— Exercise objective —
Starting with the line in which "Tindakan yang dilakukan" appears, give back every line exactly as written until the listing ends, excluding pictures.

— Records for processing —

■ ■ ■ ■ ■

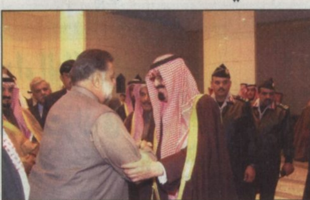
خادم الحرمين يستقبل وزير الأوقاف الجزائري
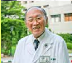
花蓮慈濟醫院榮譽院長 曾文賓 教授
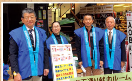
@下通り献血ルーム
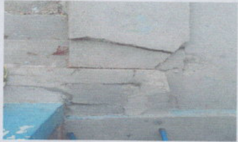
CERNIDO EN MURO
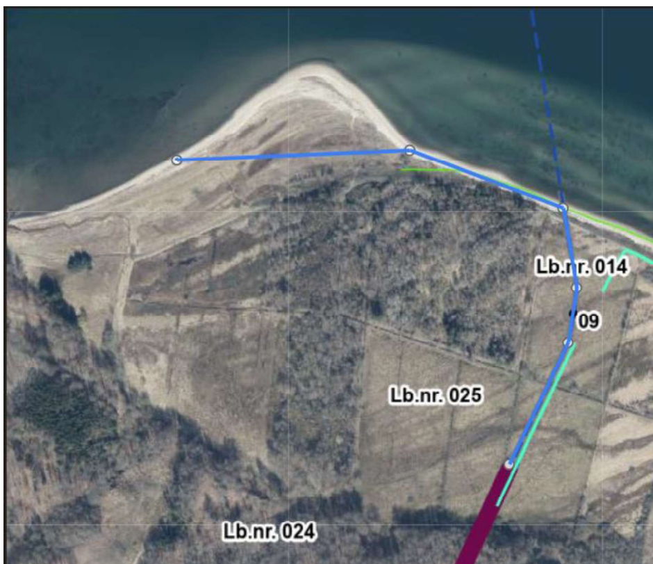
Figur viser med blå streg omtrent, hvor ansøger ønsker at oplagre rørene på stranden.

Det er ifølge ansøger afklaret med lodsejer (Naturstyrelsen) at Energinet kan benytte arealet umiddelbart vest for søkablet til projektet.
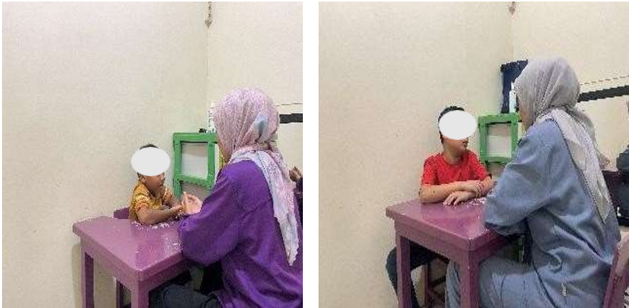
Gambar 2. Pelaksanaan Terapi Wicara

Tindakan yang dilakukan oleh terapis mencerminkan strategi adaptif dalam menjaga keterlibatan anak selama proses terapi. Terapis menunjukkan adaptasi terhadap lingkungan fisik agar anak tetap nyaman dan fokus selama terapi.
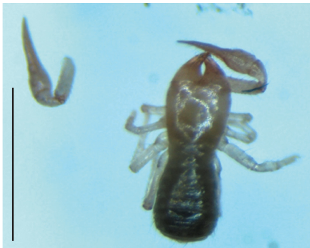
図 1. ニホンカブトツチカニムシ Mundochthonius japonicus Chamberlin, 左上は虫体から分離した触肢. スケールは 1 mm.

本方法は, 少量のサンプルによる DNA 解析を可能とするために, Montero-Pau et al. (2008) および Suyama (2011) の方法を応用した. これらの方法は, 動物プランクトンの
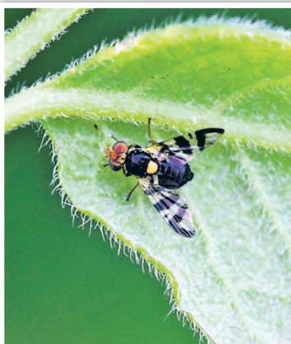
Вишневая муха. Личинки вредят черешне, вишне, абрикосу и жимолости, развиваясь в плодах и питаясь их мякотью. Поврежденные плоды темнеют, загнивают.

■ ■ ■ ■ ■

— Expected answer —
Tindakan yang dilakukan oleh terapis mencerminkan strategi adaptif dalam menjaga keterlibatan anak selama proses terapi. Terapis menunjukkan adaptasi terhadap lingkungan fisik agar anak tetap nyaman dan fokus selama terapi.
図 1. ニホンカブトツチカニムシ Mundochthonius japonicus Chamberlin, 左上は虫体から分離した触肢. スケールは 1 mm.

本方法は, 少量のサンプルによる DNA 解析を可能とするために, Montero-Pau et al. (2008) および Suyama (2011) の方法を応用した. これらの方法は, 動物プランクトンの
Вишневая муха. Личинки вредят черешне, вишне, абрикосу и жимолости, развиваясь в плодах и питаясь их мякотью. Поврежденные плоды темнеют, загнивают.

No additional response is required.